*** Begin section ***

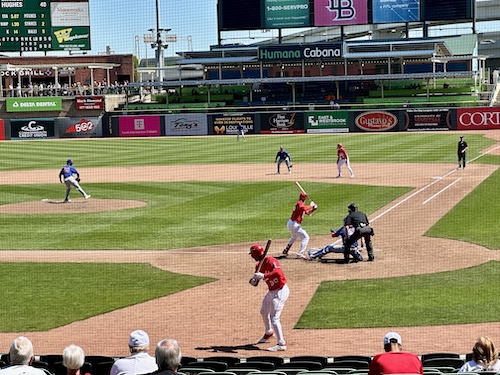 Optimism is prevalent on opening day, though. We found a parking spot just near the stadium. Back then I used to just turn left out of our subdivision and take Louisville’s scenic River Road, which provided a stress-free journey downtown, all the way to the ballpark. Before the city began insisting you queue in traffic to enter a $20 surface lot, I could just park free right on the street.
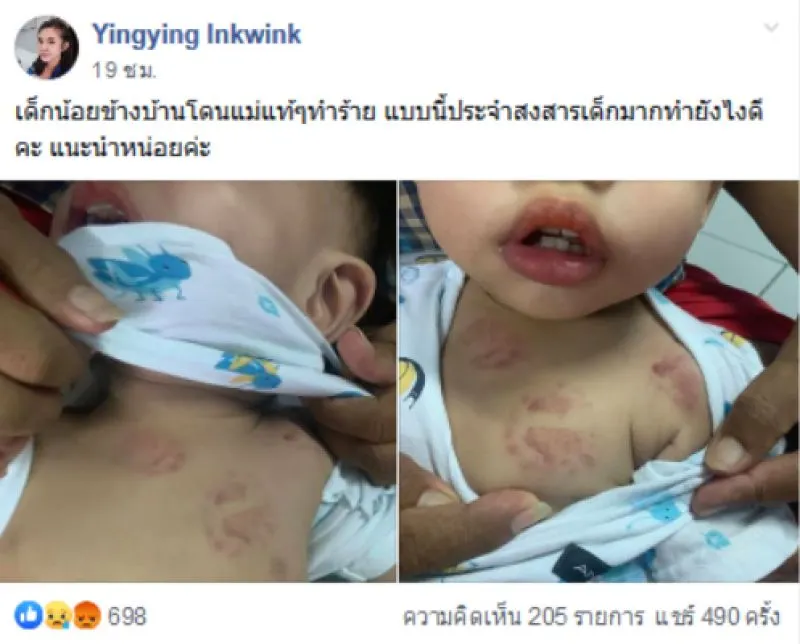 เมื่อวันที่ 26 กันยายน 2562 ที่ผ่านมา ได้มีการแชร์เรื่องราวของหนูน้อยคนหนึ่งที่โดนคุณแม่แท้ๆทำร้ายอยู่เป็นประจำจนข้างบ้านทนไม่ไหว โดยผู้ใช้เฟสบุ๊คที่ใช้ชื่อว่า Yingying Inkwink ได้โพสต์ภาพของหนูน้อยรายหนึ่ง โดยได้ระบุข้อความว่า เด็กน้อยข้างบ้านโดนแม่แท้ๆทำร้าย แบบนี้ประจำสงสารเด็กมากทำยังไงดีคะ แนะนำหน่อยค่ะ
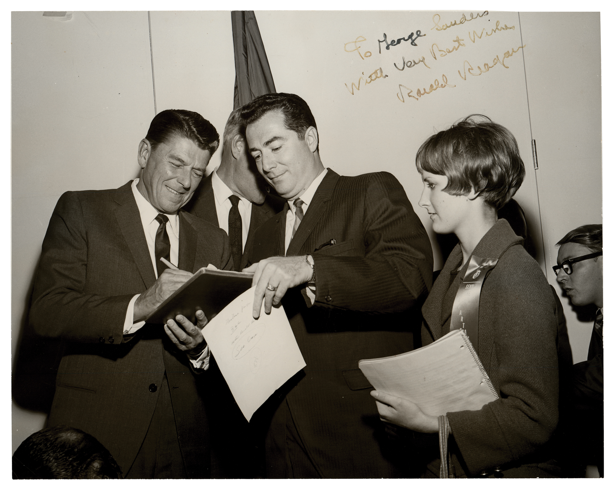 Vintage glossy 9.5 x 7.5 photo of Reagan signing autographs, signed and inscribed in black felt tip, "To George Sanders, With Very Best Wishes, Ronald Reagan.” In very good to fine condition, with trimmed edges, fading to the handwriting, and Sanders' first name evidently embellished in an unknown hand.

*** End section ***

What needs to be done
Write the full listing out again with every line unchanged, but include no pictures.

Exercise output
 Optimism is prevalent on opening day, though. We found a parking spot just near the stadium. Back then I used to just turn left out of our subdivision and take Louisville’s scenic River Road, which provided a stress-free journey downtown, all the way to the ballpark. Before the city began insisting you queue in traffic to enter a $20 surface lot, I could just park free right on the street.
 เมื่อวันที่ 26 กันยายน 2562 ที่ผ่านมา ได้มีการแชร์เรื่องราวของหนูน้อยคนหนึ่งที่โดนคุณแม่แท้ๆทำร้ายอยู่เป็นประจำจนข้างบ้านทนไม่ไหว โดยผู้ใช้เฟสบุ๊คที่ใช้ชื่อว่า Yingying Inkwink ได้โพสต์ภาพของหนูน้อยรายหนึ่ง โดยได้ระบุข้อความว่า เด็กน้อยข้างบ้านโดนแม่แท้ๆทำร้าย แบบนี้ประจำสงสารเด็กมากทำยังไงดีคะ แนะนำหน่อยค่ะ
 Vintage glossy 9.5 x 7.5 photo of Reagan signing autographs, signed and inscribed in black felt tip, "To George Sanders, With Very Best Wishes, Ronald Reagan.” In very good to fine condition, with trimmed edges, fading to the handwriting, and Sanders' first name evidently embellished in an unknown hand.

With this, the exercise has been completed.